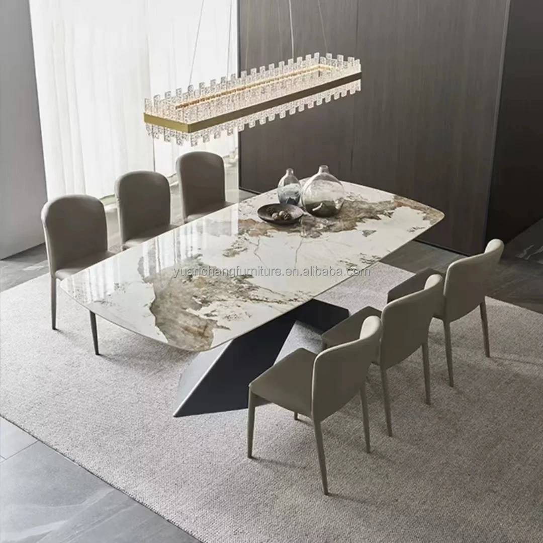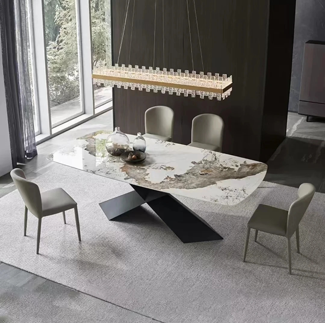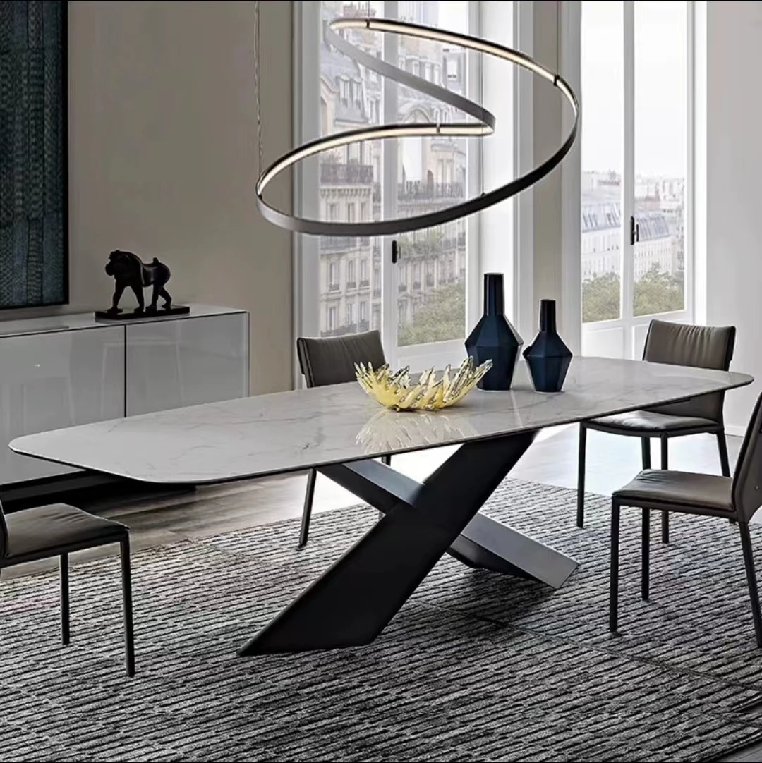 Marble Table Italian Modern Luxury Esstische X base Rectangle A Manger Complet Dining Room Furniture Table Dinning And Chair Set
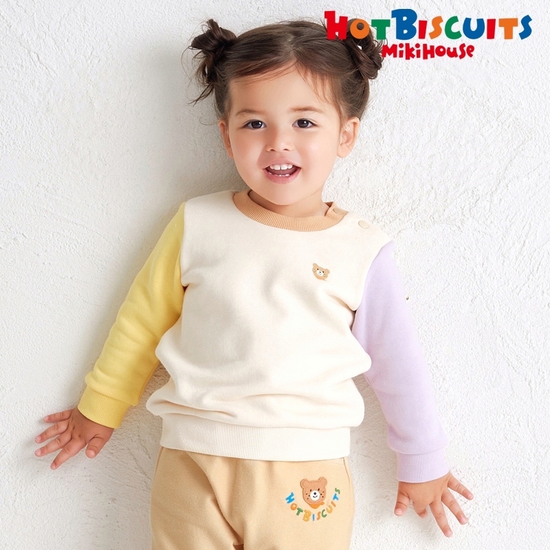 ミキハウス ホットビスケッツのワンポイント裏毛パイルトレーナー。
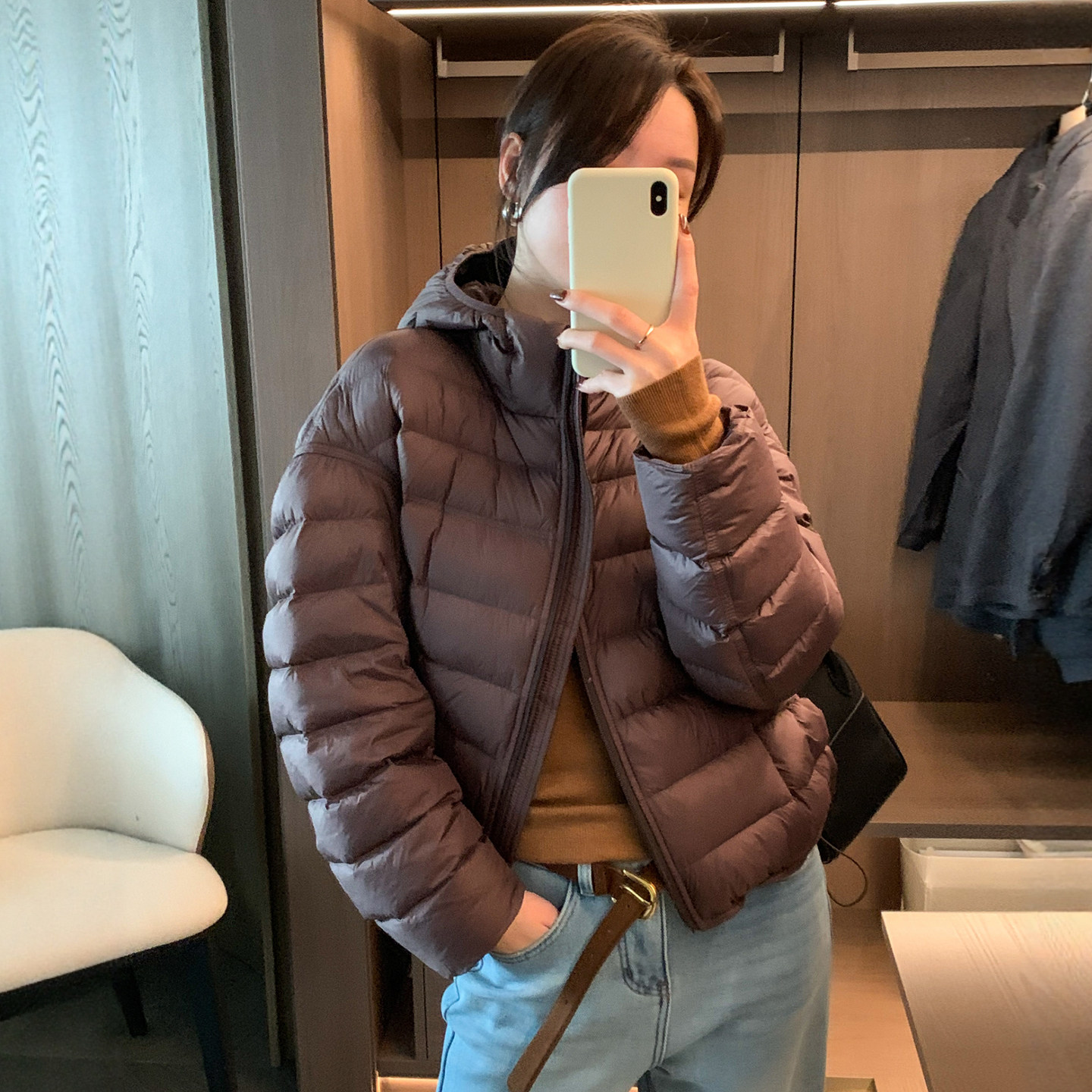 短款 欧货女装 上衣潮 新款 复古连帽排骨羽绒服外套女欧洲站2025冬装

■ **Your goal**
Reproduce the full material exactly, excluding the pictures.

■ **Exercise result**
 Marble Table Italian Modern Luxury Esstische X base Rectangle A Manger Complet Dining Room Furniture Table Dinning And Chair Set
 ミキハウス ホットビスケッツのワンポイント裏毛パイルトレーナー。
 短款 欧货女装 上衣潮 新款 复古连帽排骨羽绒服外套女欧洲站2025冬装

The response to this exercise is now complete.